As Ha-Joon Chang has pointed out, from the Civil War to World War II, “the United States had the most heavily protected economy in the world.” Abraham Lincoln was a disciple of Henry Clay, an advocate of the so-called American System, “based on infrastructural development and protectionism.” Criticizing the British for preaching free trade to his country, Ulysses S. Grant, Civil War general and president from 1869 to 1877, retorted that “within two-hundred years, when America has gotten out of protection all that it can offer, it too, will adopt free trade.”

Disregarding this historical experience, the international financial institutions have, since the 1980s, imposed on Global South countries a neoliberal, “free-market” regime that has made state-led development impossible. Countries that have been subjected to structural adjustment policies, in the guise of encouraging their economic development, have instead found themselves unable to direct their own economies.

The net result is a distorted development process that does not replicate the successful path taken by the original industrial powers of Europe and the newly industrialized countries of the post–World War II period (Japan, South Korea, Taiwan, Hong Kong, and Singapore). In today’s global economy, it is illusory to think that poor countries can eliminate poverty and ill health without genuine industrial and agricultural development.

I do not wish to gloss over the costs of such a model. We should remember that South Korea was modernized under the heel of a brutal military dictatorship, and that part of the success of its economy is in no part due to the courageous and powerful trade union movement that grew up after the return to democracy.

I am not arguing that returning to a state-led development model would be in and of itself any kind of panacea, without the full and democratic participation of workers. And it would take a different essay to talk about the current debates over “extractive” development, climate change, indigenous people’s land rights, and related issues.

But the fact remains that state-led development has a record of lifting large numbers of people out of poverty.

“Successful” feminist interventions, then, have ended up giving wealthy countries and international agencies like the United Nations a way to obscure this historical reality by pointing to women as the key to economic development. For example, UN chief Kofi Annan, in a speech marking the sixtieth anniversary of the UN Commission on the Status of Women, stated, “Study after study has taught us that no other policy is as likely to raise economic productivity, or to reduce infant and maternal mortality.”

It is gratifying for feminist activists that the former UN secretary-general recognizes the importance of supporting women and girls around the world. But his statement is deeply misleading.
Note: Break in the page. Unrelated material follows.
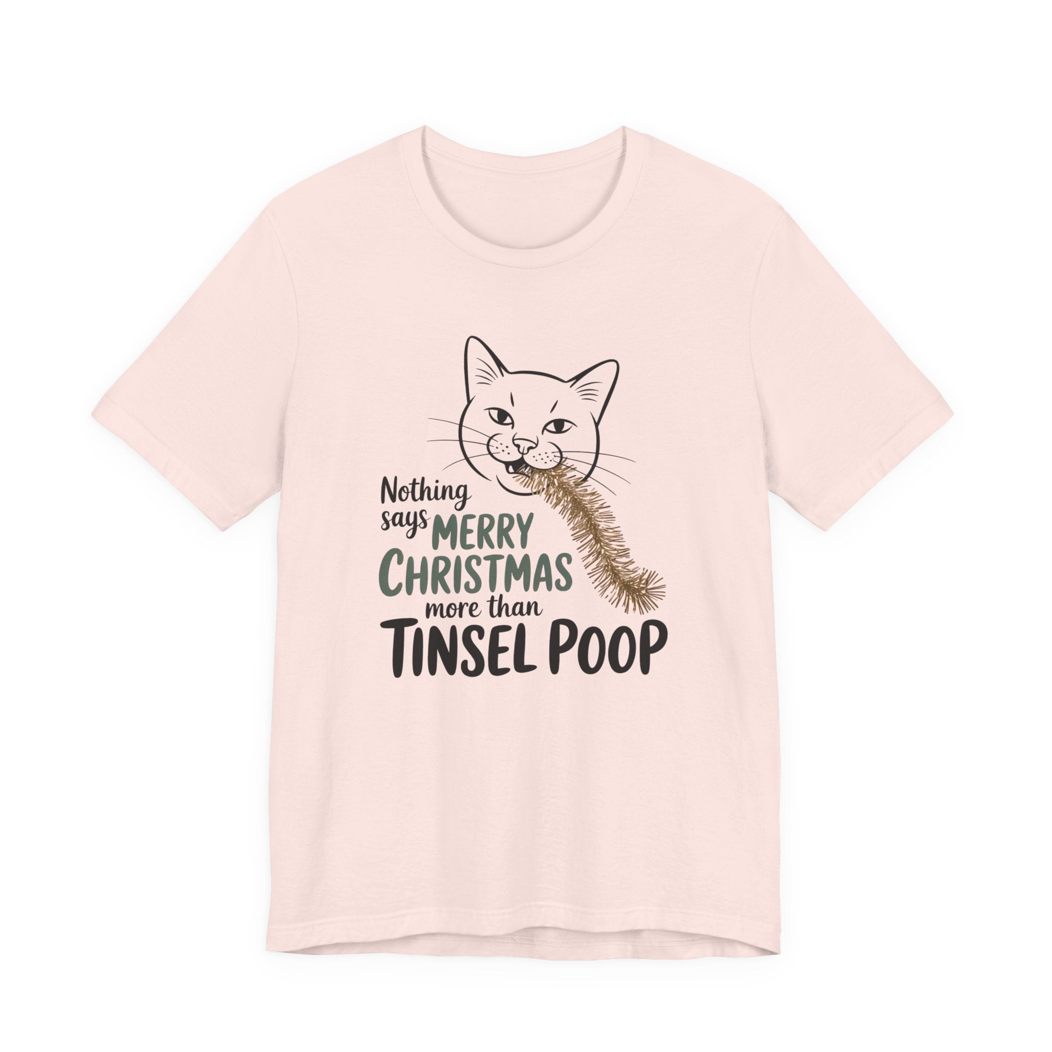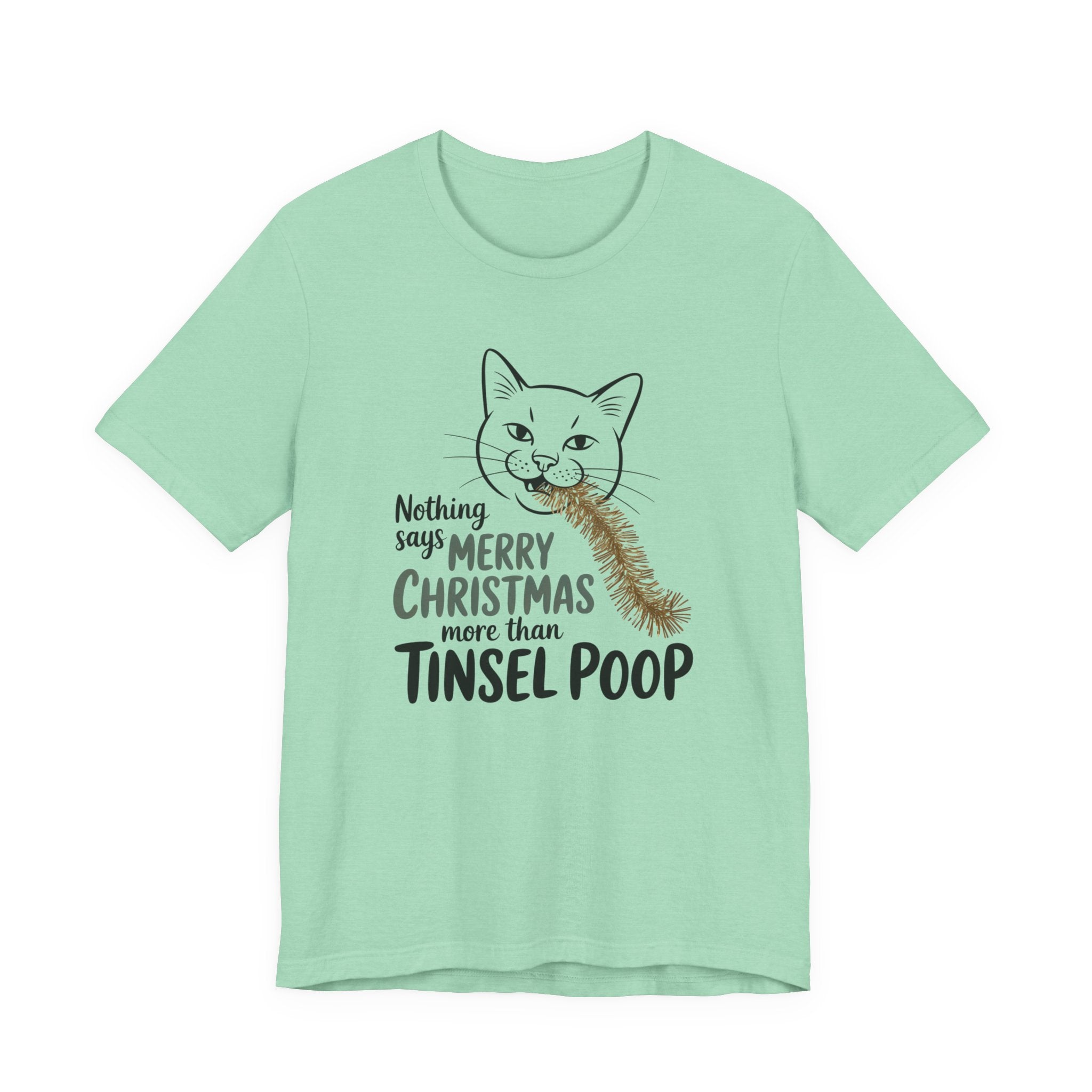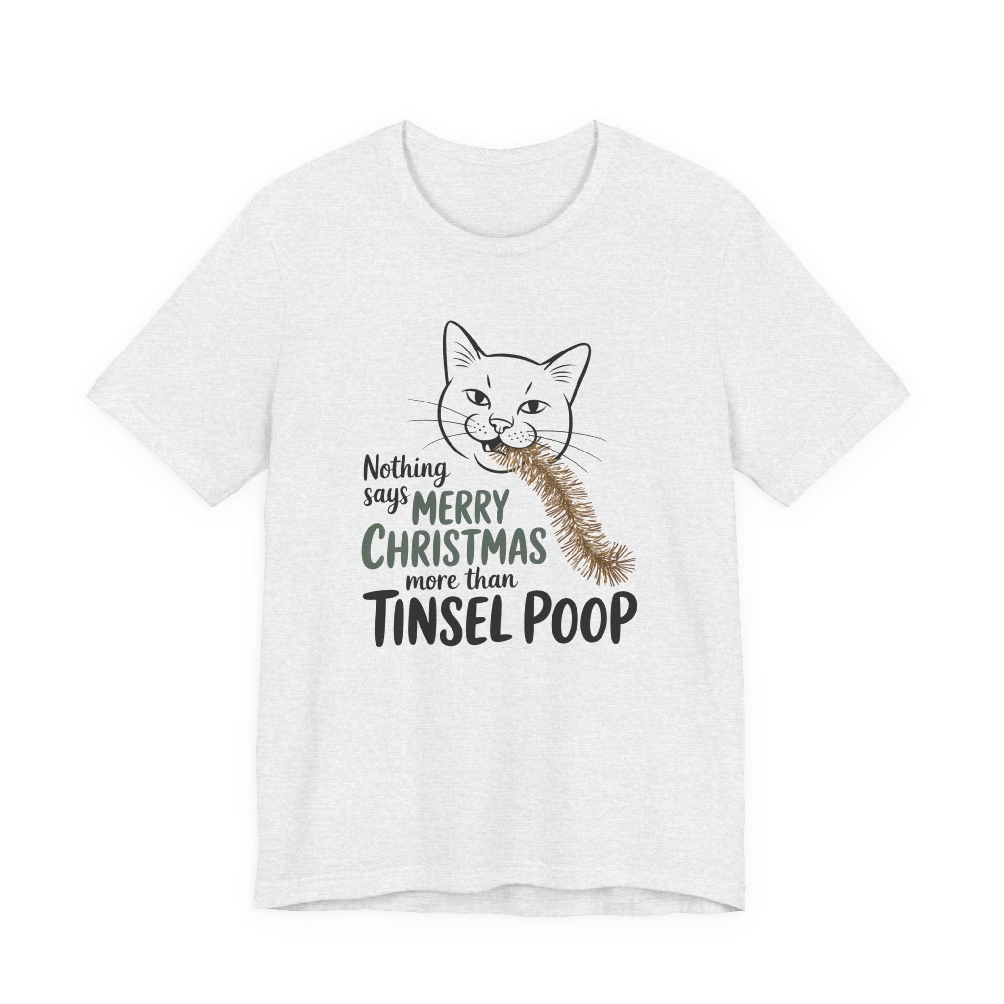 Merry Christmas Funny Cat Shirt | Tinsel Poop Cat Lover Shirt | Unisex Jersey T-shirt
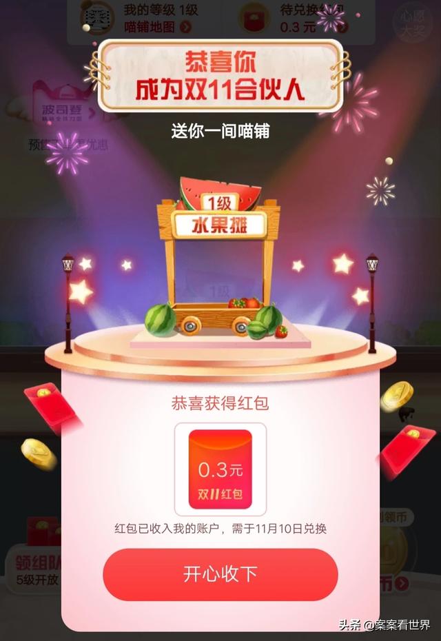 既然是合伙人。那么这个游戏就是当老板。天猫送给你一间喵铺。从一级水果摊做起。京东现在开启的是全民养红包活动。共同瓜分一

The international financial institutions and the wealthy countries have created the myth that helping individual women, one by one, is going to eliminate poverty, disease, and malnutrition. Referring to women and girls as the key to development is a sleight of hand, a way to turn the gaze of policymakers, activists, and working people away from the vicious actions of groups like the troika of “institutions” (the European Union, the International Monetary Fund, and the European Central Bank) that are seeking to crucify Greece and the Syriza government in the name of the financial interests of banks, bondholders, and the rich lending countries.

Of course it is crucial that women and girls everywhere receive education, training, reproductive rights, affordable health care, control over their own decisions about work and marriage, and control over their own sexuality. But these fundamental tenets of feminism cannot be achieved by helping women one by one, in a context where the entire society is being ravaged by austerity and the market fundamentalism of neoliberal policies.